Esaminare e monitorare l’SQL generato da ORM in produzione. I framework ORM (Object-Relational Mapping) come Django, SQLAlchemy e Hibernate generano automaticamente question di database dal codice dell’applicazione, il che è utile per gli sviluppatori. Tuttavia, OpenAI ha rilevato una question generata da ORM che univa 12 tabelle che causava più incidenti di elevata gravità quando il traffico aumentava. La comodità di lasciare che i framework generino SQL crea rischi di ridimensionamento nascosti che emergono solo sotto il carico di produzione. Rendi la revisione di queste question una pratica customary.

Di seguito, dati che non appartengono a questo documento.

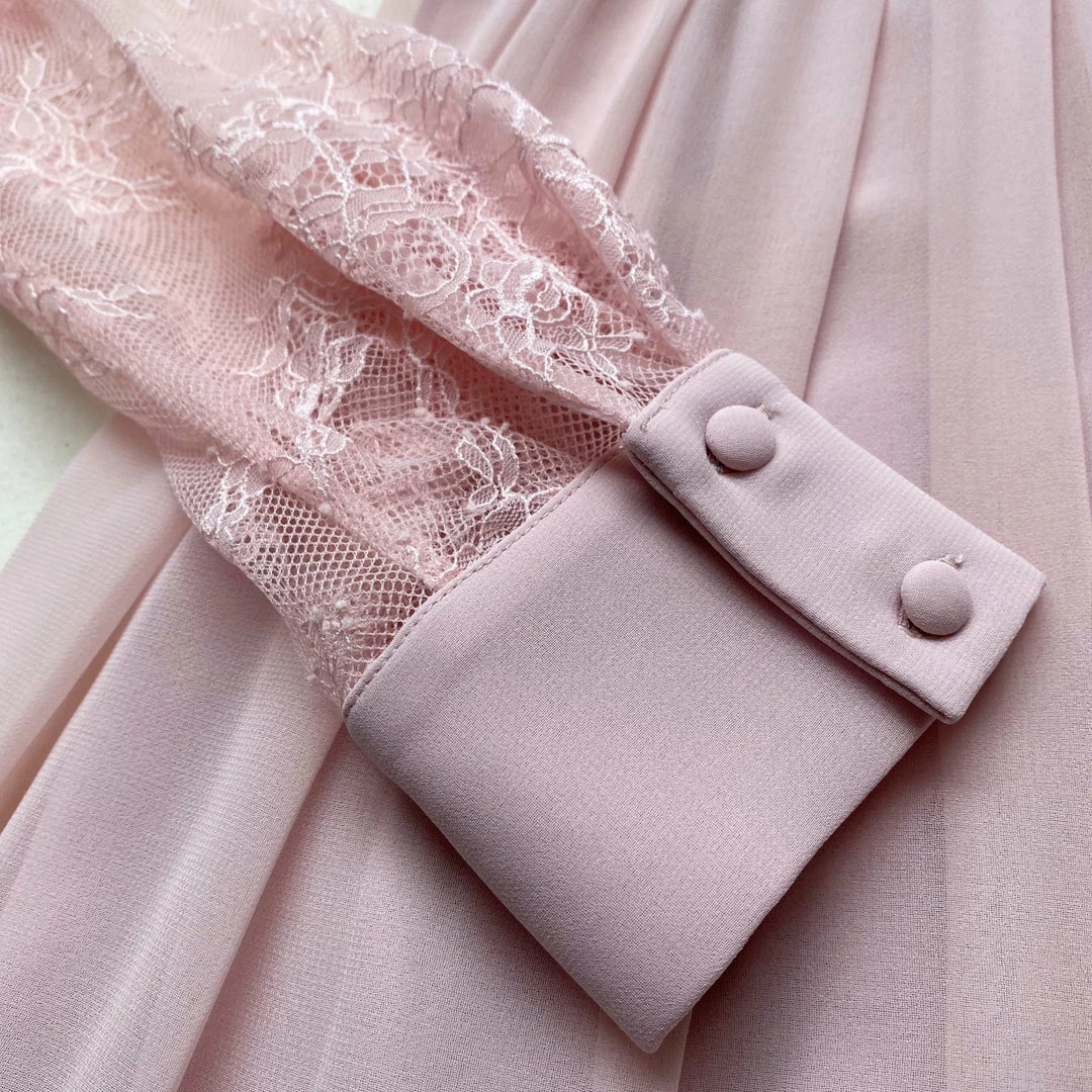 This dusty pink chiffon maxi dress is designed with a lace trim bib framed with fine pleats. The high neck is finished with a delicate tie and the sleeves are cut from fine lace. The skirt is gathered at the waist and falls to maxi length with broderie on the hem. Check the Size Guide to find your perfect fit.

Applicare una rigorosa disciplina operativa. OpenAI consente solo modifiche leggere dello schema: qualsiasi cosa che attivi una riscrittura completa della tabella è proibita. Le modifiche allo schema hanno un timeout di 5 secondi. Le question con esecuzione prolungata vengono terminate automaticamente per evitare di bloccare le operazioni di manutenzione del database. Quando riempiono i dati, applicano limiti di velocità così aggressivi che le operazioni possono richiedere più di una settimana.

I carichi di lavoro advert alta lettura con scritture burst possono essere eseguiti su PostgreSQL a primario singolo più a lungo di quanto comunemente ipotizzato. La decisione di effettuare lo sharding dovrebbe dipendere dai modelli di carico di lavoro piuttosto che dal conteggio degli utenti.

Questo approccio è particolarmente rilevante per le applicazioni AI, che spesso hanno carichi di lavoro fortemente orientati alla lettura con picchi di traffico imprevedibili. Queste caratteristiche sono in linea con il modello in cui PostgreSQL a primaria singola scala in modo efficace.

La lezione è semplice: identificare i colli di bottiglia effettivi, ottimizzare l’infrastruttura collaudata ove possibile e migrare in modo selettivo quando necessario. La riarchitettura totale non è sempre la risposta alle sfide di scalabilità.